Assuming they can prevail on those elements, then the burden is on OpenAI and Microsoft to raise some sort of affirmative defense. With fair use, you say, yes, there was infringement, but we’re not liable for it. Fair use is a statutory defense within the Copyright Act. There are some examples given of things that are typically fair use, including education, parody, satire, and criticism, but that’s not an exhaustive list. The way fair use is determined is through a four-factor test. The first factor is the character of the use, whether the allegedly infringing work is transformative or is merely duplicative of the original work. The second factor is the character of the original work. Works that are highly creative, that can contain a lot of expression, it’s harder to claim fair use. The third factor is the amount used. Did the alleged infringer use the entire protected work or only a small segment of it? And the fourth factor is what impact the allegedly infringing use has on the market for the original. Is this going to displace the market for the original, or is this entering a new market that the original copyright owner is not able to enter?

The New York Times’ argument here is if OpenAI hadn’t scraped all this data, they would have had to license the articles and the Times would have made X number of dollars, and therefore there is a market harm. Avoiding a licensing fee is considered a market harm, but for example, if I am criticizing a movie, and I use clips from the movie in my criticism, and then people don’t see the movie because they think it’s bad — that’s not a legitimate market harm, because I’m not displacing the market. So, there’s a lot of nuance about what is and isn’t a market harm. Generally speaking, most courts would say that that fourth factor is the most important.

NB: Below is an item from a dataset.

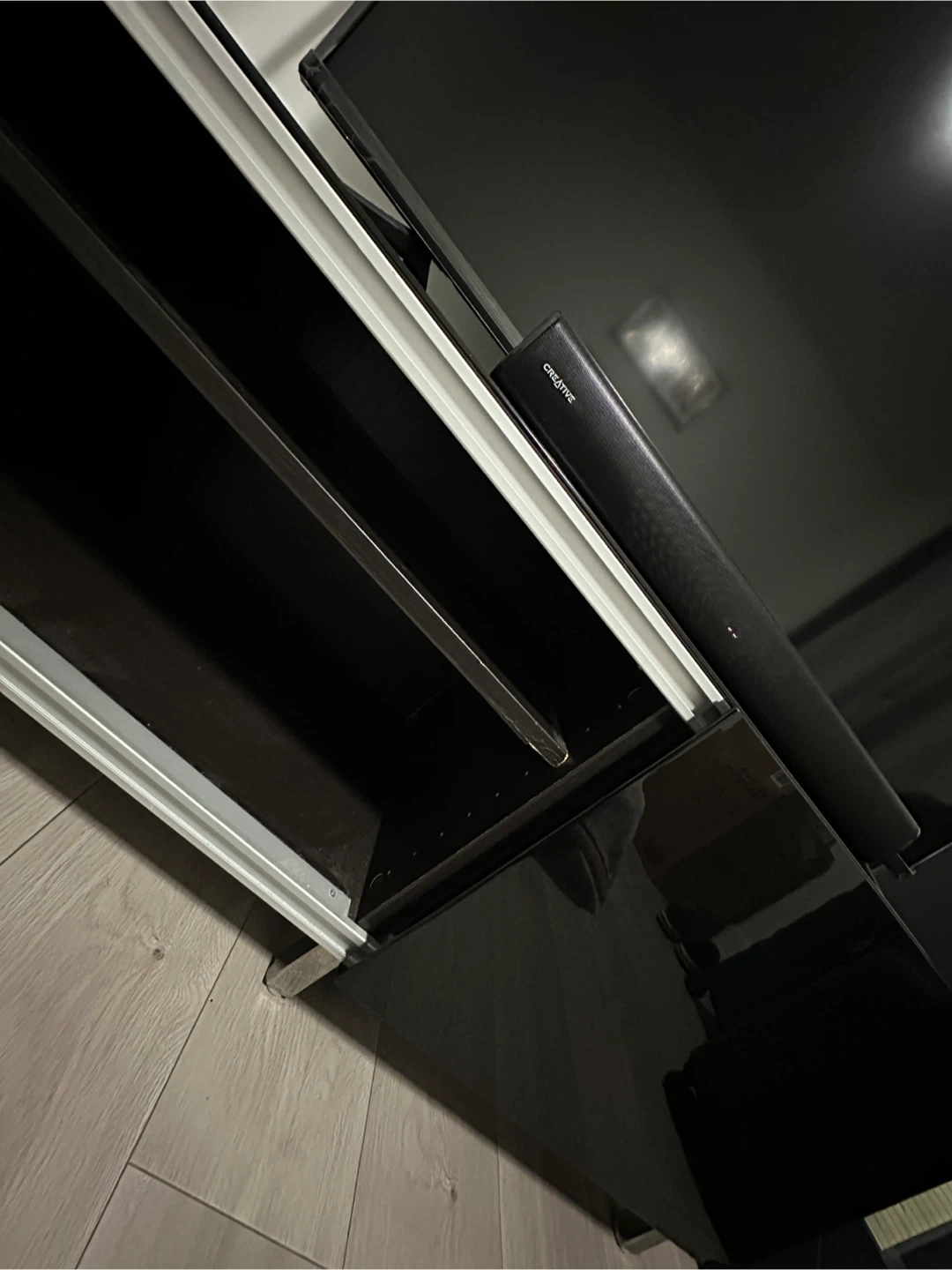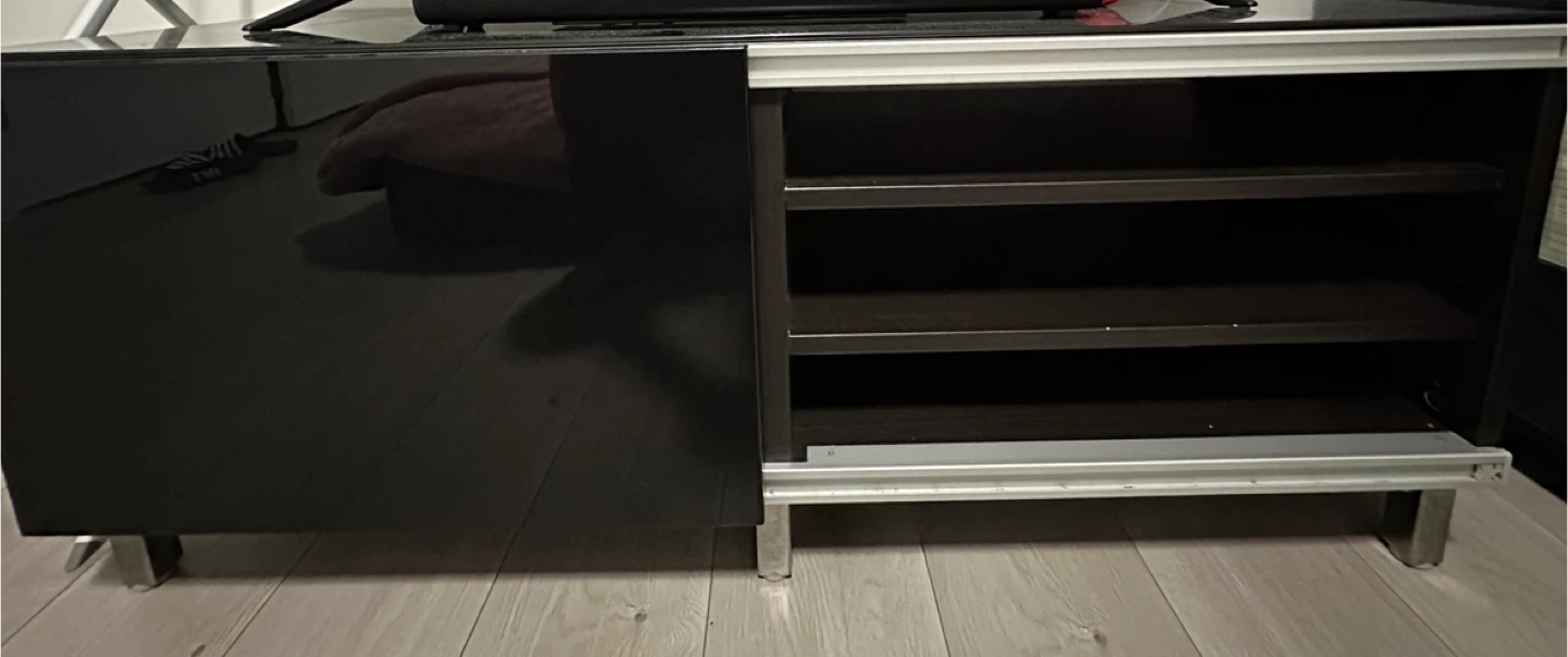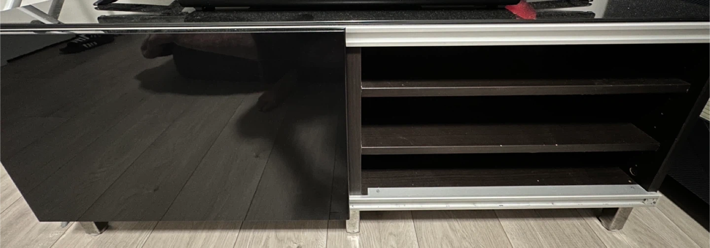 Selling a sleek black TV stand with convenient shelving! It's in great shape and ready to hold your television upto 55 inch and media components. The stand features a sliding door and sturdy construction.

“Assuming The New York Times can show there was a copyright violation, then the burden is on OpenAI and Microsoft to raise some sort of affirmative defense. With [the fair use defense], you say, yes, there was infringement, but we’re not liable for it.”

HLT: Are there any other arguments that OpenAI is likely to use in its defense in later stages of the suit?

Kortz: Yes. On the idea that the model itself is a derivative work, I think if I were OpenAI’s lawyers, I would challenge that, saying that this is not a copy or derivative work for the purposes of the Copyright Act. I would say that this isn’t a copy or derivative work. Instead, this is a set of factual observations about the data. For example, you could go to a library and write down the titles of all the books that are there and that would not constitute a derivative work of those books.

For that first bucket about the training, OpenAI is probably going to be almost entirely invested in fair use. For the output claim, there might be some argument that the reconstructions are not infringement, but I think that’s going to be tough, so I think they’re likely to have to fall back to fair use on the third bucket as well.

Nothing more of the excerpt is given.